Article II, sec. 1, cl. 5 does not say that the president must have been born in the U.S., it says that he must be a “natural-born citizen.” You are correct that Congress cannot modify that constitutional qualification, and that that Obama bill saying that the children of military personnel should be deemed “natural-born citizens” is legally meaningless, but the fact remains that constitutional scholars for many decades have interpreted the clause to mean that the president must be a citizen at birth (thus, “natural-born”) as opposed to becoming a citizen later on (”naturalized”).

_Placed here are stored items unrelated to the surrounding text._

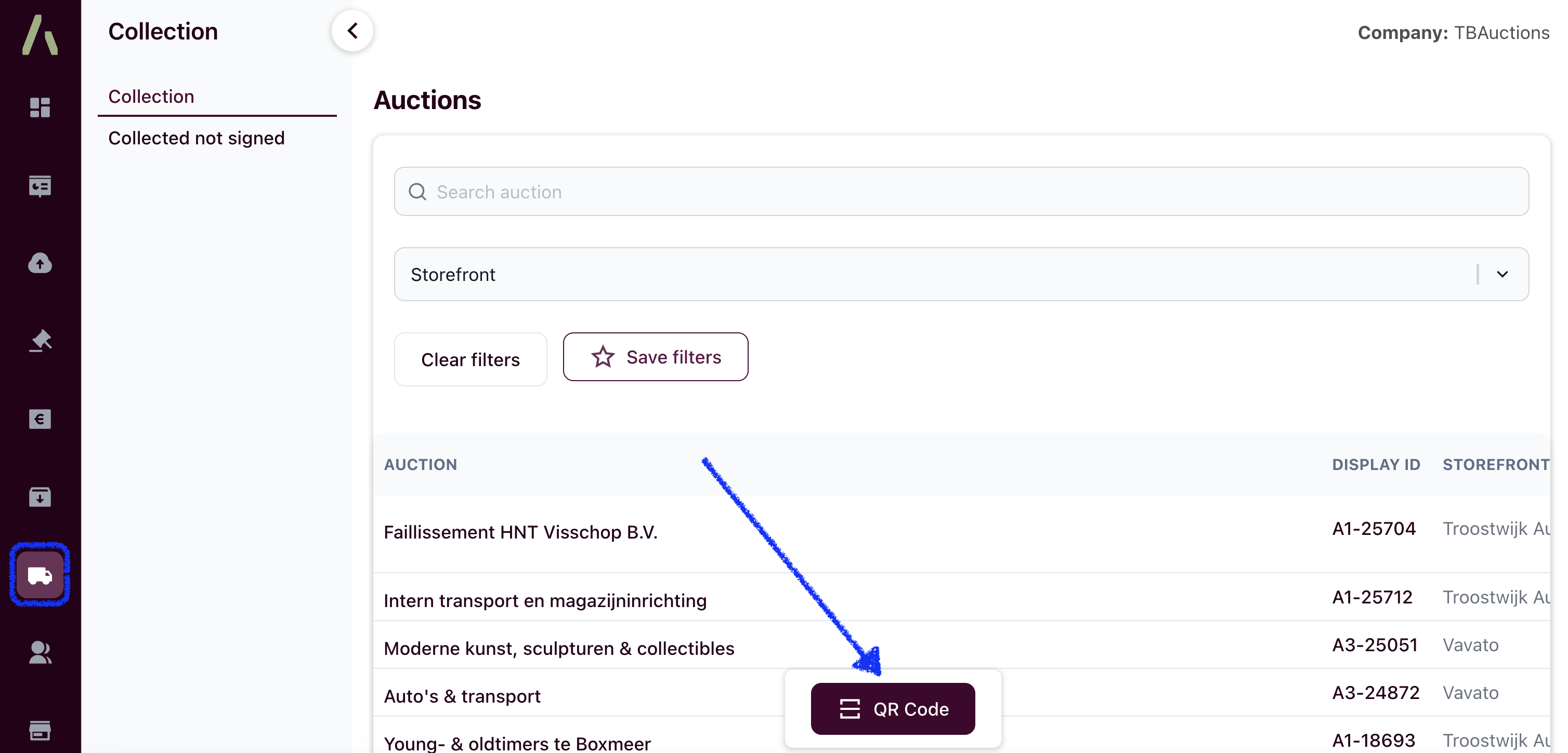 If the buyer does not bring the invoice with the QR code to collect their won lot(s), the seller can search for the buyer using the ATLAS collection feature.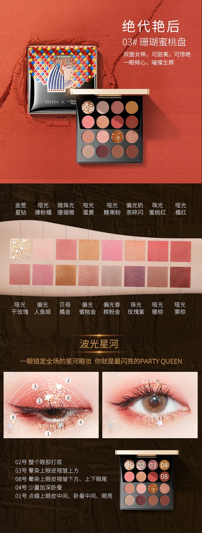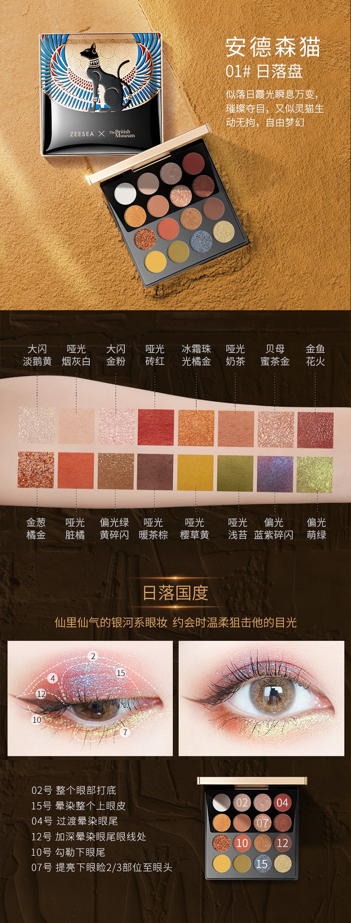 ZEESEA滋色埃及眼影盘16色 安德森猫眼影闪粉珠光埃及艳后彩妆盘 03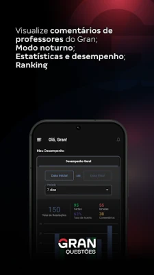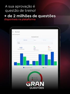 Monitorar sua evolução é vital, e o App de Questões Gran Cursos Online oferece um painel de controle intuitivo (dashboard) para gerenciar seu cronograma e acompanhar o desempenho em tempo real. A seção de estatísticas fornece uma visão aprofundada, detalhando seu progresso em questões e simulados, permitindo identificar pontos fortes e áreas que necessitam de mais atenção. Para uma experiência de estudo contínua e confortável, mesmo em ambientes com pouca luz, o modo noturno foi cuidadosamente desenvolvido para proteger sua visão e proporcionar uma leitura agradável. Tudo isso converge para um ambiente de aprendizado focado na sua máxima performance, guiando você a cada passo em direção à sua vaga.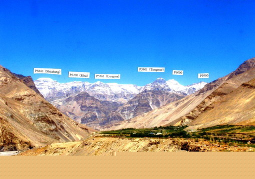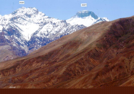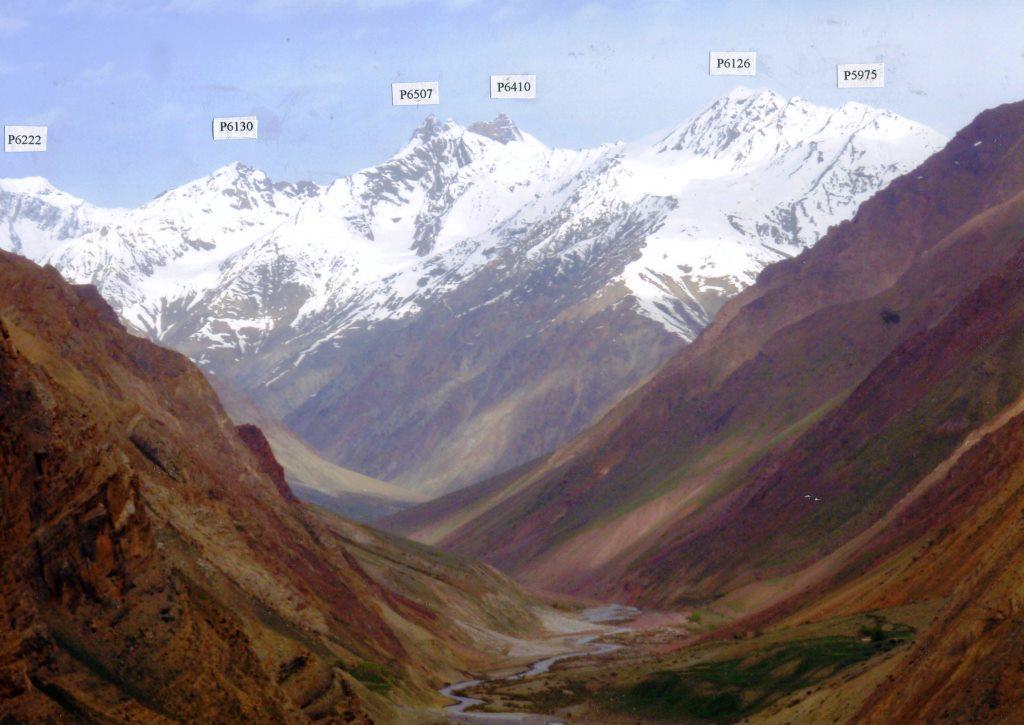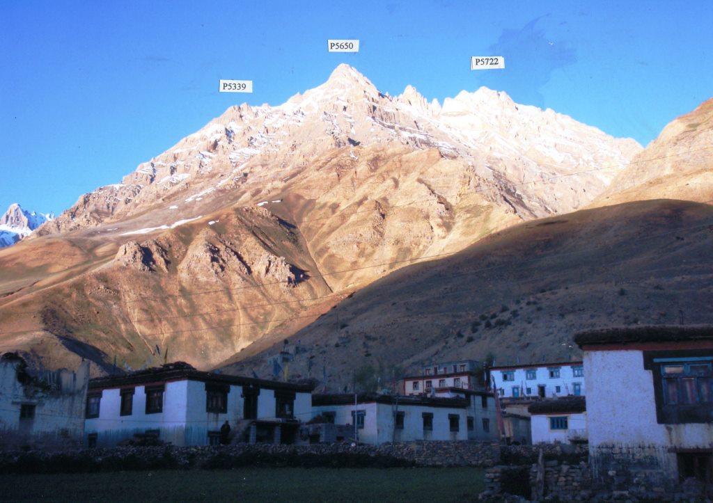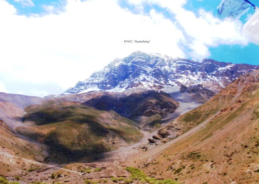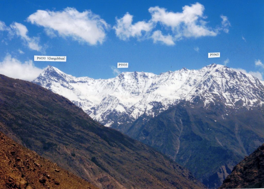 Kaから南を眺めると、支谷のTiang Lungpaの右岸の山々であるP6030 (Gangchhua), P5935, P5965の連山が望めた。P6030 (Gangchuua)は、1992年にインドArmy隊が初登頂。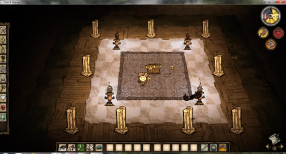下面的区域就是宝藏区 这块地皮很长一段时间里是空的,想不出来可以放啥,忽然有一天,打完龙蝇以后去做了个龙鳞箱,这下就有灵感了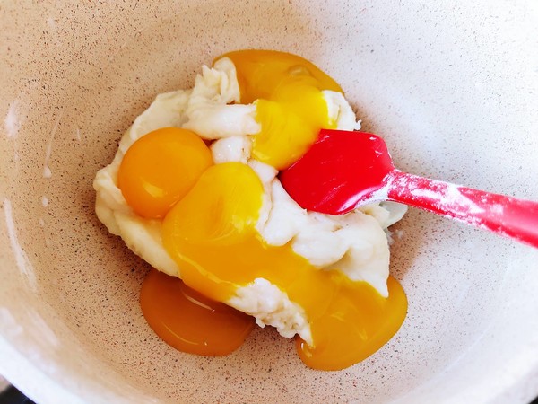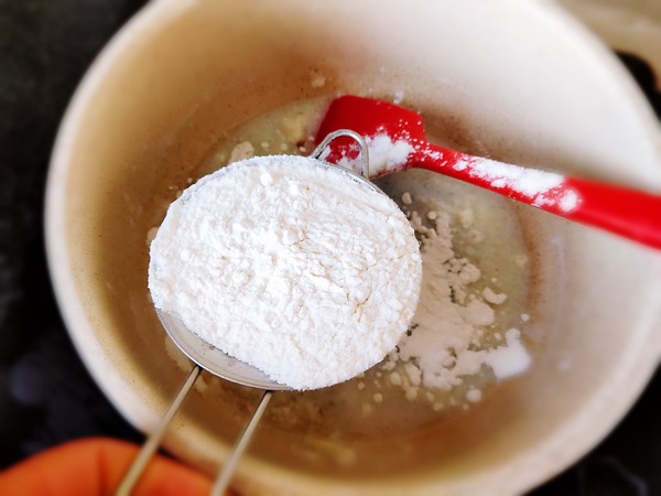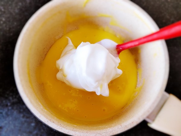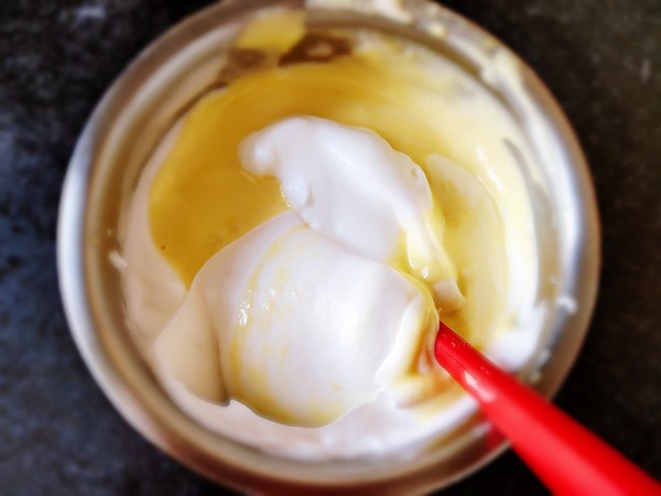 8.拌勻后,倒回蛋白霜之內,繼續(xù)上下翻拌均勻。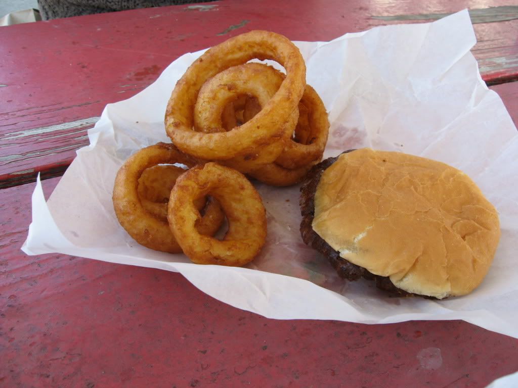 The burger, which I had with onion rings on the side, was slightly disappointing if memory serves me. It was still nice to be eating a burger outside on a beautiful day in Lincoln’s home town.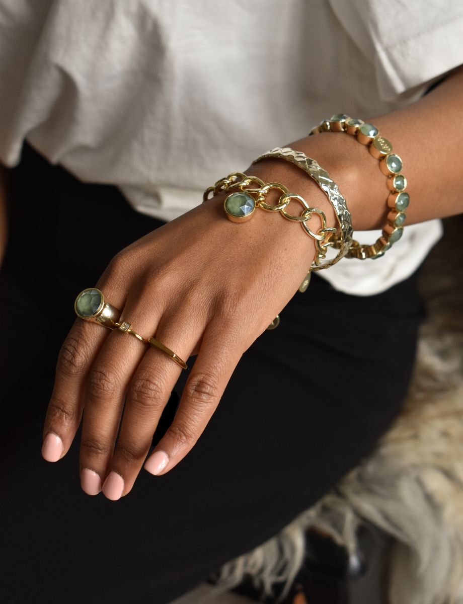 Tana är en tunn bangle som är enkel att forma efter handen. Mixa gärna med ett kedjearmband från by VÅGA.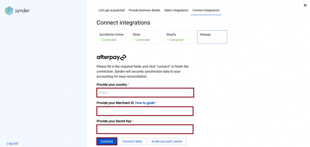 This article helps you connect Afterpay to Synder by entering your Merchant ID and Secret Key during Synder onboarding. It explains where to find these credentials and what to do if you can’t locate them. After completing these steps, Afterpay will show as Connected in Synder and will be ready for transaction import.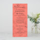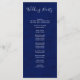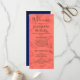 Ett marinblått texturerat mönster är bakgrunden till det levande korallets Bröllopsprogram. En modern elegant som lätt kan ändras till din egen information. Ett bröllopsprogram för stående ensam som också ingår i en Bröllop-svit från Just Bra Design.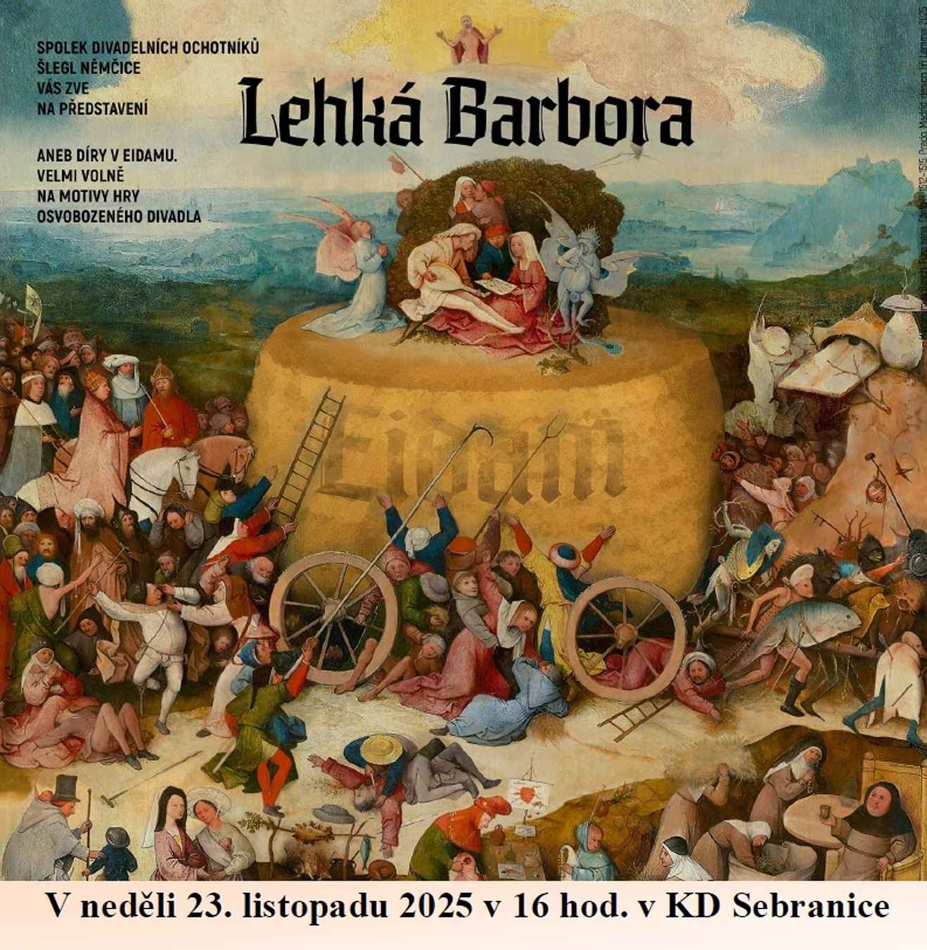 Srdečně Vás zveme na divadelní představení Lehká Barbora, aneb díry v Eidamu. Velmi volně na motivy hry Osvobozeného divadla. Představení sehraje spolek divadelních ochotníků Šlegl Němčice.

What matters is what U.S. law says when the person is born.
BTW, Barry Goldwater was not born in a state, he was born in Arizona in 1909 when it was still a territory, and no state kept him off the presidential ballot in 1964; George Romney (Mitt’s dad) was the child of U.S. citizens born in a Mormon commune in Chihuahua, Mexico, and his foreign birth was not an impediment to his 1968 presidential run (he was on the ballot in the GOP primaries); and Albert Arnold Gore was not born in a state, either (he was born in the District of Columbia), but no one questioned his eligibility during his 8 years as VP nor when he ran for president in 1988 and 2000.
Regarding John McCain, he was born in the Canal Zone, which was a U.S. territory, and federal law stated that a person born in the Canal Zone that had at least one U.S. citizen parent would be a U.S. citizen at birth; unlike babies born outside the U.S. with one citizen parent, the citizen parent of a child born in the Canal Zone did not have to have lived a certain number of years in the U.S. in order for his child to be a U.S. citizen at birth. Of course, both of John McCain’s parents were U.S. citizens and had lived all of their lives in the U.S. (except for time abroad while in military service, which, according to federal law, is counted as time residing in the U.S.), so John McCain would have been a U.S. citizen at birth even had he been born in the middle of China.
One point that should be clarified regarding U.S. military bases and embassies located in foreign countries. While they are usually described as “sovereign ground” of the U.S., they are not U.S. territory for purposes of U.S. citizenship laws, and a child born in a U.S. military base or embassy abroad is subject to the same rules for determining U.S. citizen at birth as a child born outside of the military base or embassy. Children born in Guantanamo Bay Naval Base, for instance, are not U.S. citizens unless their parents meet the citizenship and residency requirements applicable to children born in any other foreign land.
The real bottom line is that in my view, the Supreme Court is likely to come down on the proposition that "natural born" as used by the framers in the Constitution means born in the geographical United States. I think that continues to be the general view of most of the Constitutional lawyers who have looked at the question.